Grosso modo estos fueron los logros de los gobiernos sucesivos del PRI y del PAN en los 30 años previos al arribo de AMLO al poder. El PRD jugó un rol clave también en la construcción de la institucionalidad democrática y, cuando AMLO dejó ese partido en 2013, se sumaron a las reformas estructurales que logró el gobierno de Peña Nieto para profundizar la modernización y mejorar la productividad, las condiciones para la inversión y el desarrollo integral en materia de energía, telecomunicaciones, regulación de competencia económica y educación. Por supuesto esta construcción institucional fue complicada, rasposa y llena de conflictos, pero el país avanzó significativamente en varios órdenes. 

¿Qué falló entonces? Muchas cosas por supuesto. Desde errores en el diseño de políticas públicas hasta la maldita corrupción que no hemos podido erradicar del modo de ser nacional. En este periodo los salarios, particularmente el salario mínimo, se fueron a pique. En parte como un elemento necesario para controlar la inflación heredada del periodo populista anterior y en parte porque las empresas mexicanas (las pymes) fueron incapaces de levantar su productividad al nivel que era deseable. La economía informal, ese cáncer de nuestra estructura socioeconómica, no disminuyó y México sigue siendo un país con una enorme masa de población que se mantiene entre la venta en ambulantaje y los servicios de “viene-viene”. Otros se mudaron a las ganancias rápidas de la economía criminal, que creció frente a la impunidad que permitió nuestro maltrechísimo sistema policial-judicial y que se benefició de la apertura comercial. (Por las fronteras abiertas no solamente fluyen inversiones, bienes y servicios legales. También fluyen capitales y mercancías ilegales de todo tipo). 

Sobre lo logrado entre 1988 y 2018 había (y hay) que seguir construyendo. ¡Tantas cosas! En primer lugar, resolver el problemón que tenemos en materia de seguridad pública y acabar con la ineficacia del sistema policiaco-judicial que hace que la impunidad sea el mayor incentivo para la delincuencia. Hay que mejorar la calidad de nuestra democracia, con mayor y mejor calidad ciudadana; erradicar el dinero sucio en la competencia electoral; hacer más eficaz y eficiente el sistema de salud y, en general, hacer realidad un sistema de protección social equitativa e incluyente para toda la población; mejorar enormemente la calidad del sistema educativo con la participación y dignificación del trabajo del magisterio; apoyar y promover el desarrollo competitivo de millones de micro y pequeñas empresas y, sobre todo, llevar prosperidad a millones de personas que no han podido salir de la marginación y la pobreza. Etcétera. 
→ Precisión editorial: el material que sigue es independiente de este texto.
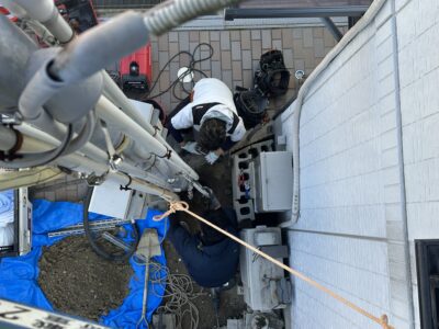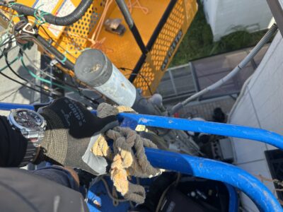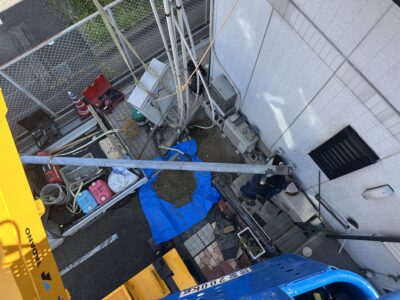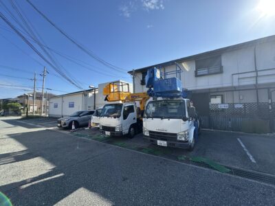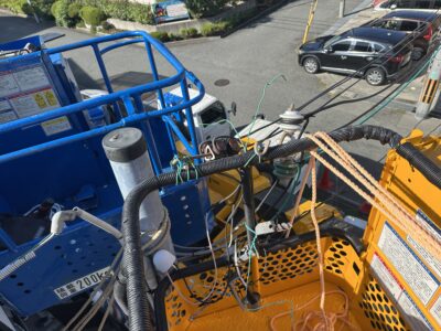 てなわけで今回は高所作業車2台を用いて施工(‘ω’)ノ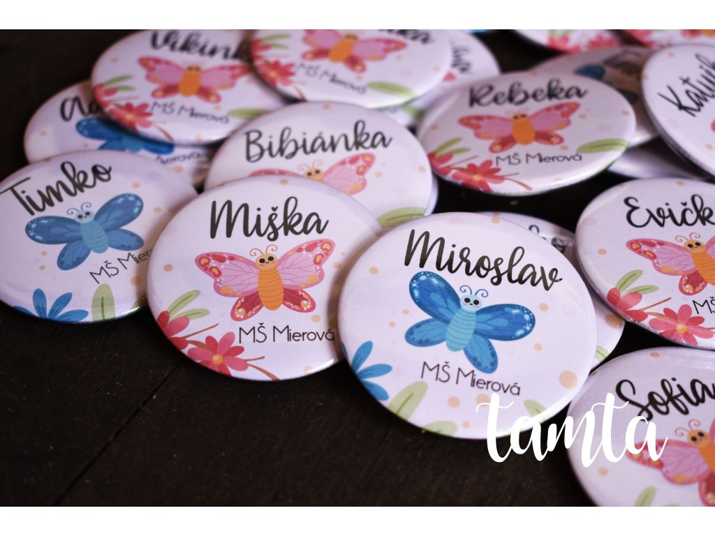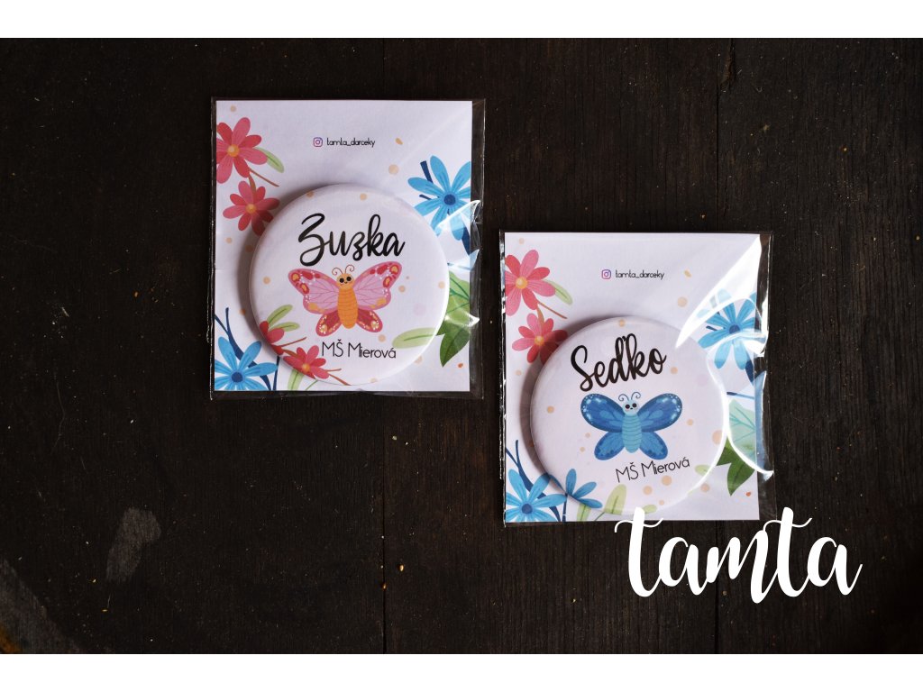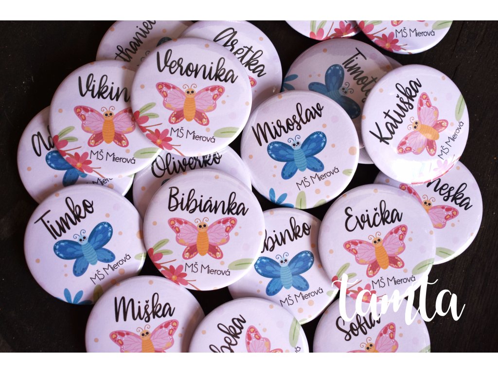 Odznaky s motívom MOTÝĽOV sú ideálny darček pre deti ako pamiatka na škôlku od kamaráta či pani učiteľky.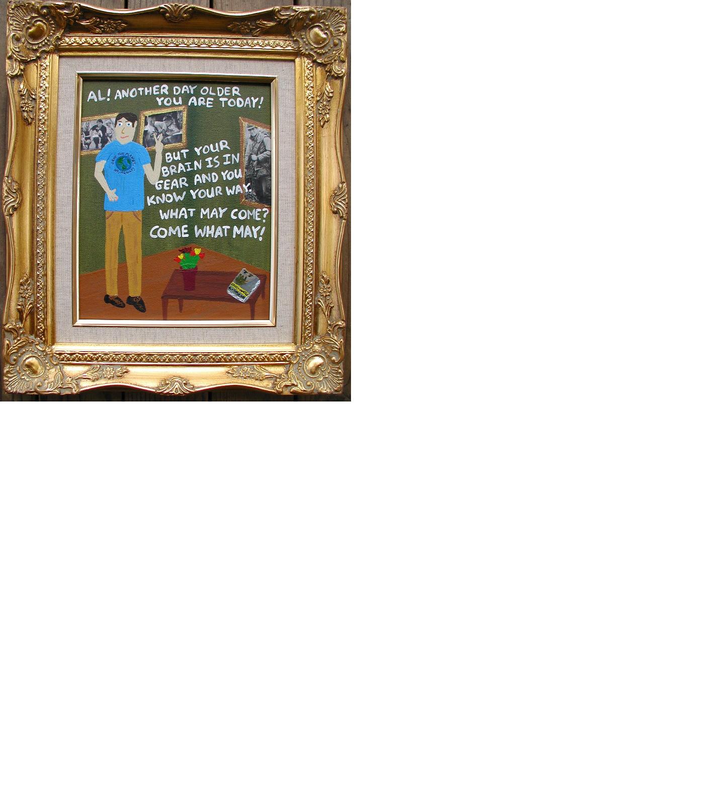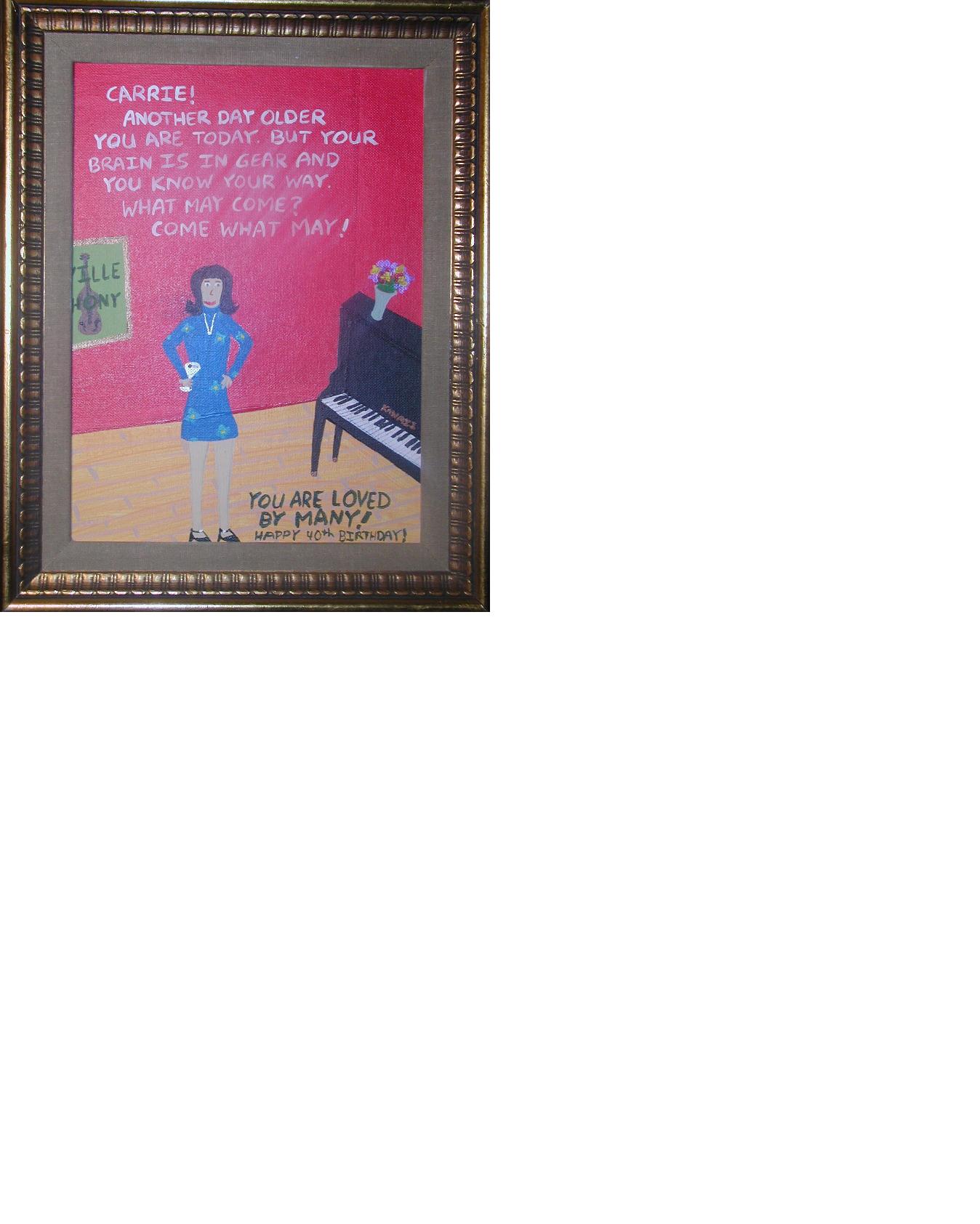 Would you like a "Come What May" Birthday painting for a friend or for yourself? I will paint one for you! It has a greeting, thanks to my brother Mark, that says "Another day older you are today. But your brain is in gear and you know your way. What may come? Come what may!" Email me on the World Wide Web Internet at plastic350@gmail.com |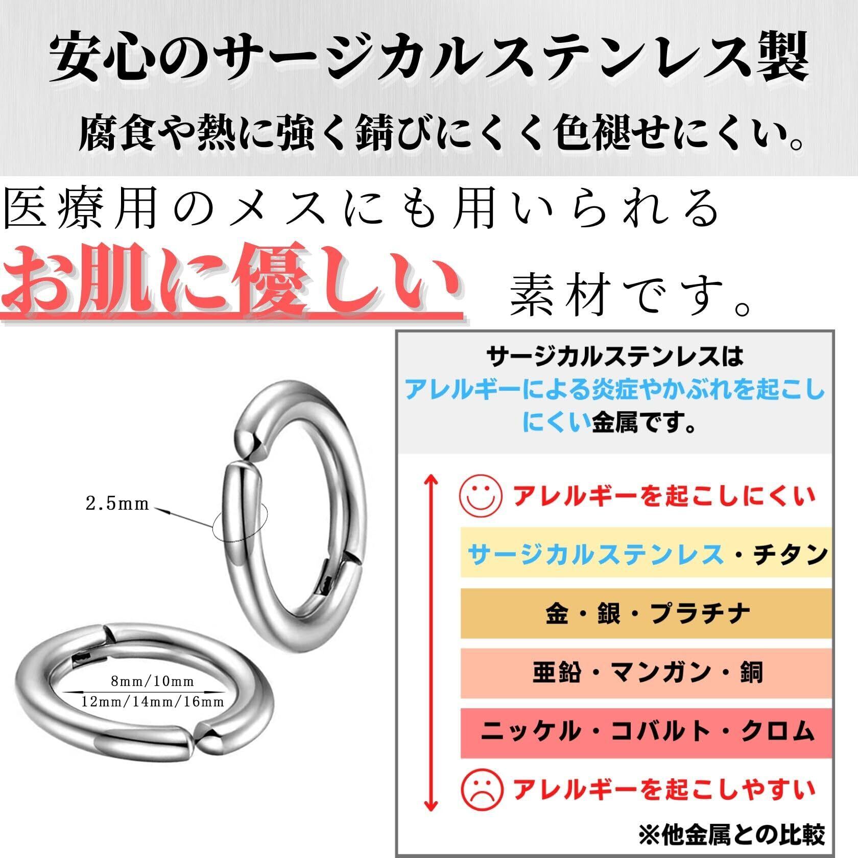 【豊富なバリエーション】カラーはシルバー、ゴールド、ブラック、サイズは内径8mm/10mm/12mm/14mm/16mm(外径13mm/15mm/17mm/19mm/21mm)の全15種類をご用意しております。スタイリッシュな印象の小さめなデザインから存在感が抜群の大きめなデザインまでお好みのデザインをお選びいただけます。※「商品の画像」より全サイズの画像がございますのでご参照くださいませ。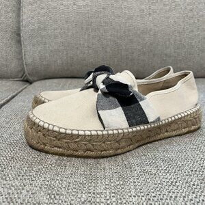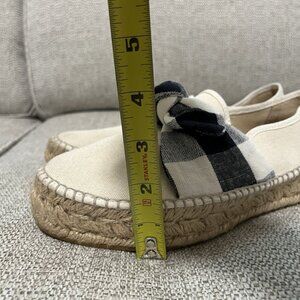 Loeffler Randall Rowen Canvas Gingham Bow Cream Espadrille Platform Size 38

No debemos olvidar, nunca, que la política es el arte de lo posible y no todo lo que es deseable se puede lograr al ritmo requerido. Y tampoco olvidar que la democracia no es otra cosa que un sistema de mejora continua, siempre dependiente de la calidad de la ciudadanía (primero) y de la calidad de los gobernantes, a los que podemos sustituir si no funcionan.

Mucho de esto logramos entre 1988 y 2018. Ahí la llevábamos. 

Pues todo esto, dicen el Presidente y sus secuaces, fue el peor momento de la historia nacional. Y lo están destruyendo.